The Air Force Interoperability Council (AFIC), also known as the Air and Space Interoperability Council (ASIC), is an organisation tasked with enhancing coalition military aviation amongst the "Five Eyes" countries, which consist of Australia, Canada, New Zealand, the United Kingdom and United States. AFIC has a permanent management committee based in Washington DC.

The organization focuses on improved war-fighting capabilities, by maximizing interoperability, such as the capability for particular aircraft types to be cross-serviced. AFIC's primary publication outputs are Air Standards, Advisory Publications and Information Publications, which seek to increase operational effectiveness by describing common technical specifications, interoperability objectives and/or Tactics, Techniques and Procedures (TTP).

History 
In 1942, Captain Frank T. McCoy, a USAAF intelligence officer attached to Technical Air Intelligence Unit–South West Pacific, invented a  system of reporting names for Japanese aircraft, to improve and speed-up secure communications and intelligence-sharing.
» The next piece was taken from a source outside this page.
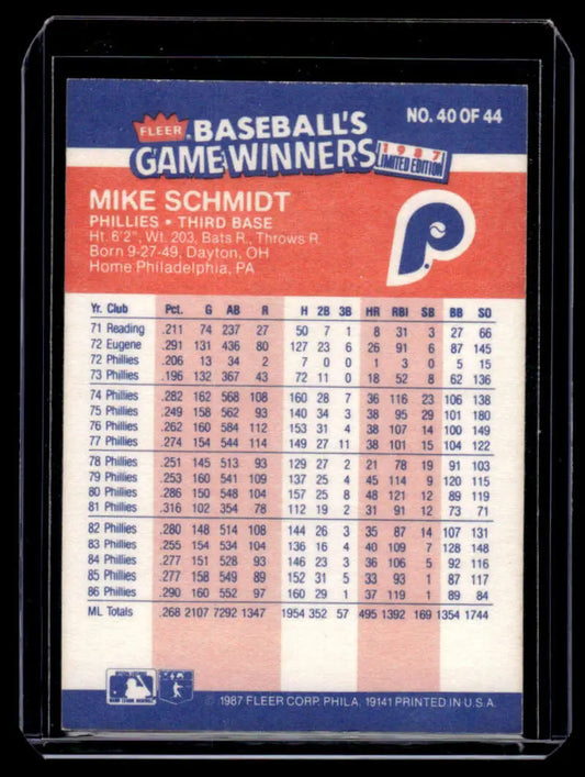 1987 Fleer Game Winners #40 Mike Schmidt Philadelphia Phillies NM-MT Baseball Card

The system was eventually adopted by the Western Allied air forces throughout Asia and the Pacific.

Following the end of World War II, the Air Standards Coordination Committee (ASCC) was formed in 1948 by the air force chiefs of staff of Canada, the United Kingdom and the United States. ASCC was expanded to include the US Navy in 1951, the RAAF in 1964 and RNZAF in 1965. 

During the Cold War, the most prominent task assigned to ASCC was the creation of reporting names – sometimes known, erroneously, as "NATO reporting names" – for aircraft originating in the Soviet Union, other Warsaw Pact countries and the  People's Republic of China.

An external review of the ASCC was undertaken in 2004 to examine the organisational processes and structures. As a result of this review in 2005 the ASCC was restructured, downsized and renamed Air and Space Interoperability Council (ASIC).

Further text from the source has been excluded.